BRAND NAMES
 MECHANISM OF ACTION
Chlorpheniramine belongs to a group of medications known as first-generation antihistamines.
Chlorphenamine relieve allergic symptoms including runny nose, watery eyes and itchy skin. it is also indicated for the symptomatic relief of itch associated with chickenpox.
4 mg tablets:
- Adult: 1 tablet for every 4 to 6 hours, maximum 6 tablets (24mg) within 24 hours
- Elderly: 1 tablet for every 4 to 6 hours, maximum 3 tablets (12mg) within 24 hours
- Children (aged 6 to 12 years): half a tablet for every 4 to 6 hours within 24 hours, maximum 6 half tablets (12mg) within 24 hours.

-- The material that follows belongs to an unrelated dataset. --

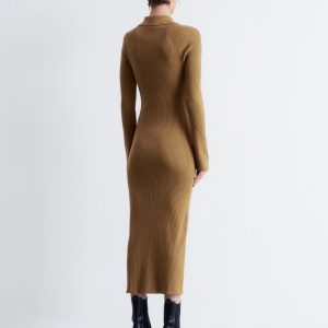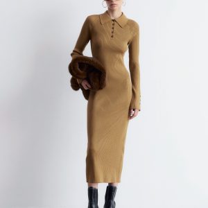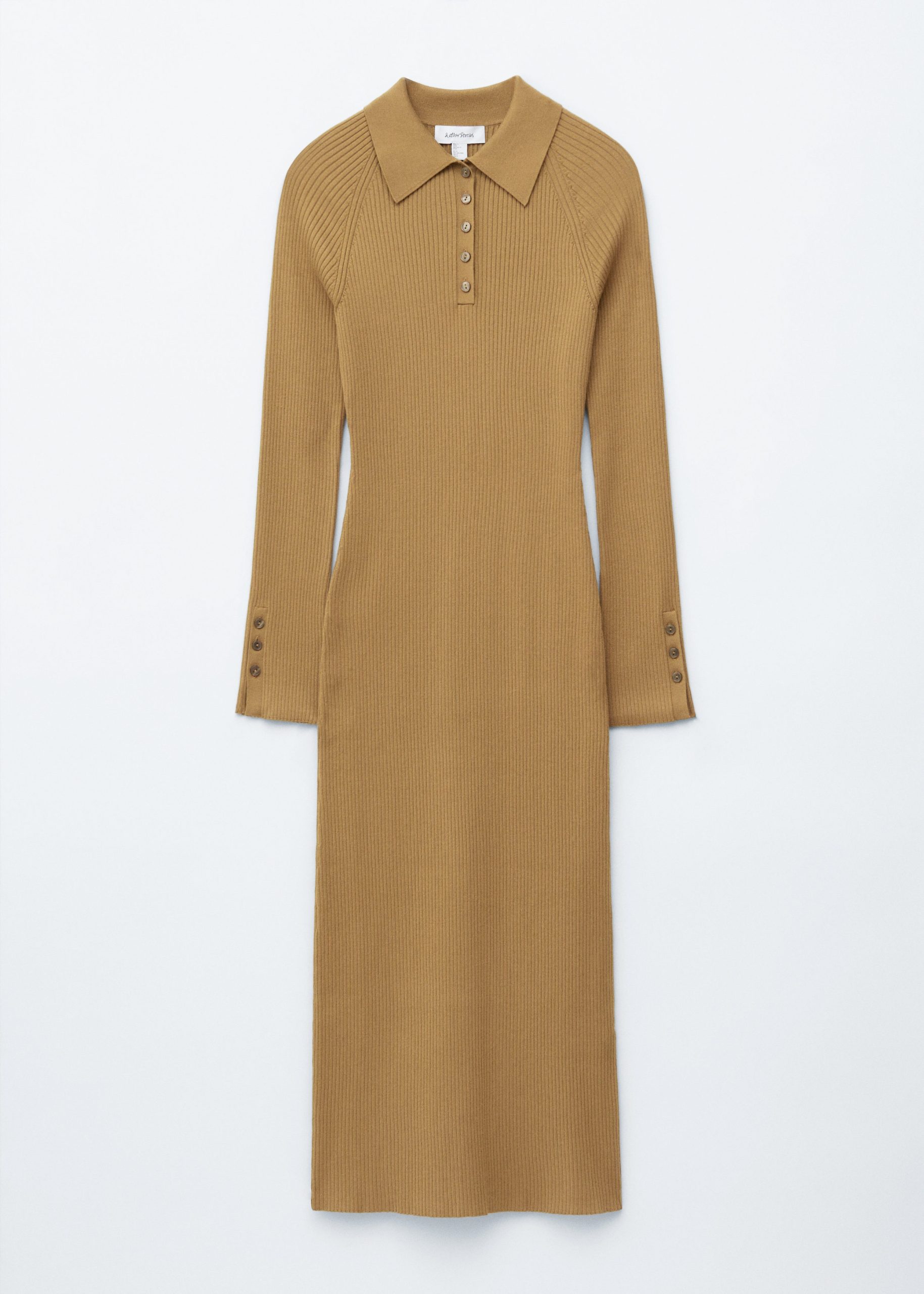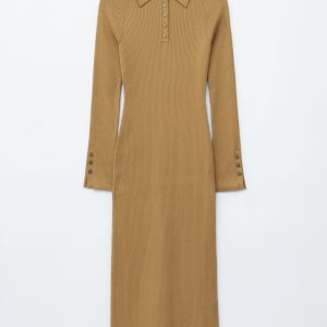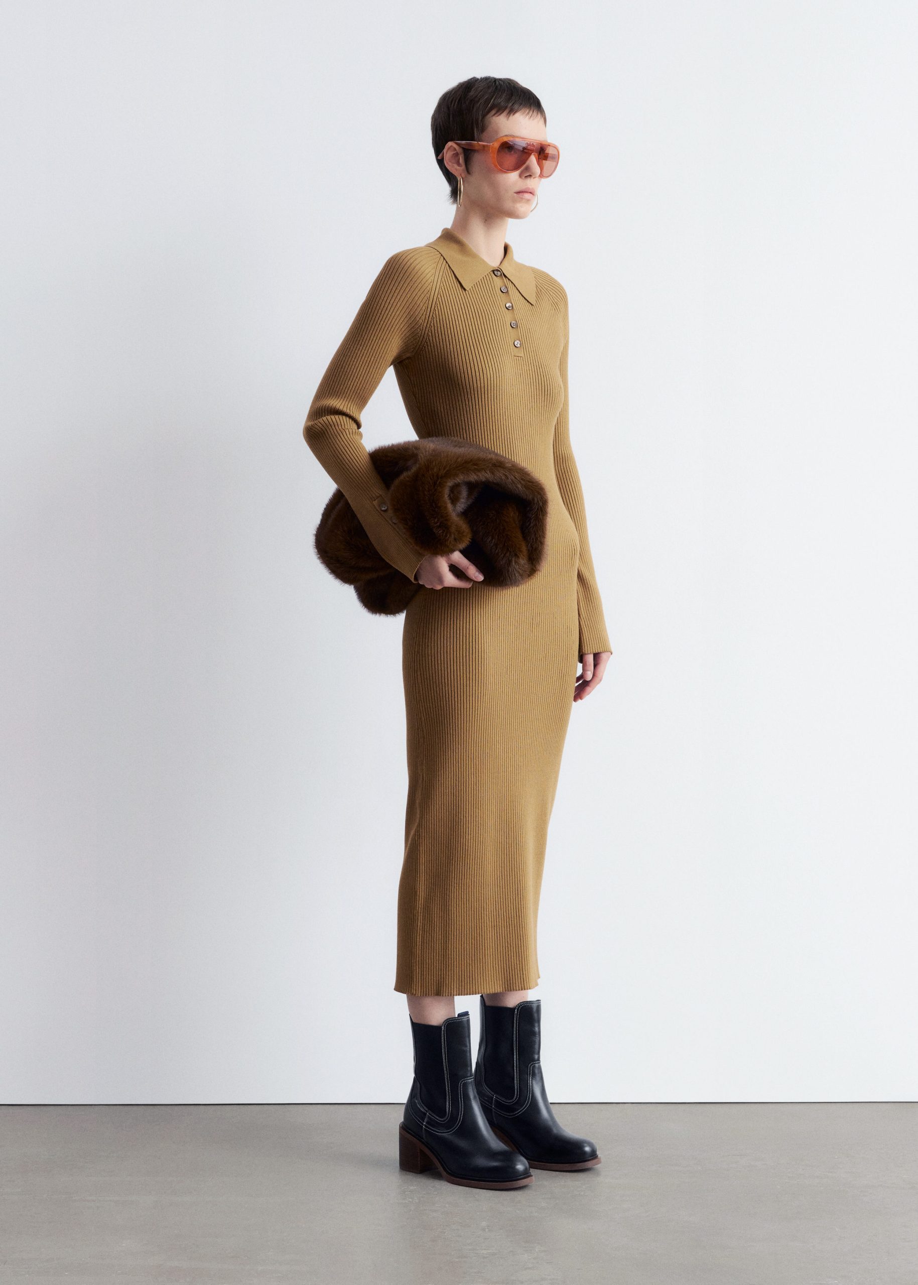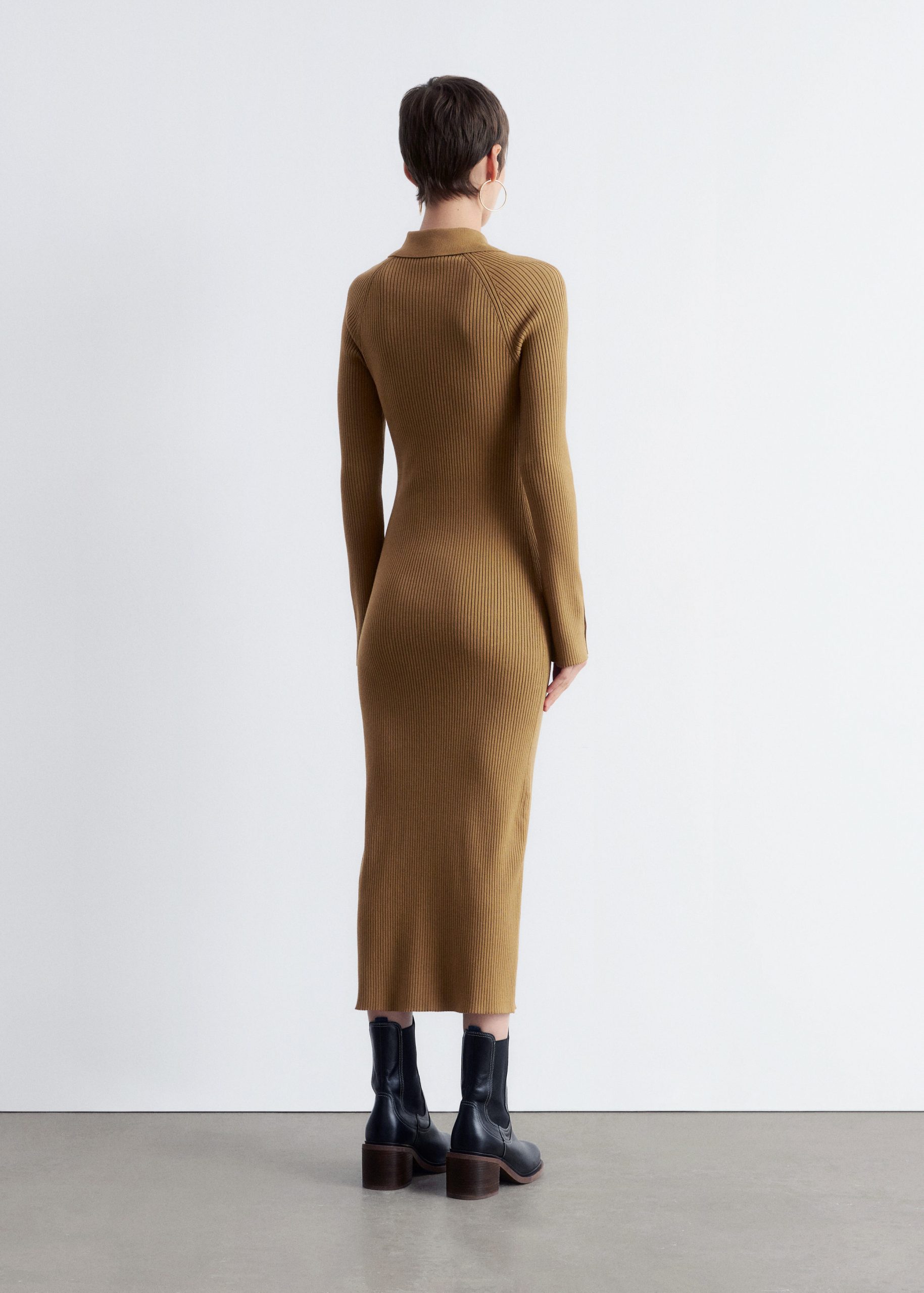 This midi dress is crafted from a lightweight and stretchy rib-knit fabric. Cut in a slim fit silhouette, it features a classic collar with a buttoned half-placket, and long fluted sleeves traced with buttons.

Patients who are hypersensitive to antihistamines.
The anticholinergic properties of chlorphenamine are intensified by monoamine oxidase inhibitors (MAOIs) and therefore is contraindicated in patients who have been treated with MAOIs within the last fourteen days.
 WARNINGS AND PRECAUTIONS
Chlorphenamine, in common with other drugs having anticholinergic effects, should be used with caution in epilepsy; raised intra-ocular pressure including glaucoma; prostatic hypertrophy; severe hypertension or cardiovascular disease; bronchitis, bronchiectasis or asthma; hepatic impairment. Children and the elderly are more likely to experience the neurological anticholinergic effects and paradoxical excitation (eg. increased energy, restlessness, nervousness)
The effects of alcohol may be increased and therefore concurrent use should be avoided
Should not be used with other antihistamine containing products, including antihistamine containing cough and cold medicines
The anticholinergic properties of chlorphenamine may cause drowsiness, dizziness, blurred vision and psychomotor impairment, which can seriously hamper the patients' ability to drive and use machinery.
Concurrent use of chlorphenamine and hypnotics or anxiolytics may cause an increase in sedative effects, therefore medical advice should be sought before taking chlorphenamine concurrently with these medicines.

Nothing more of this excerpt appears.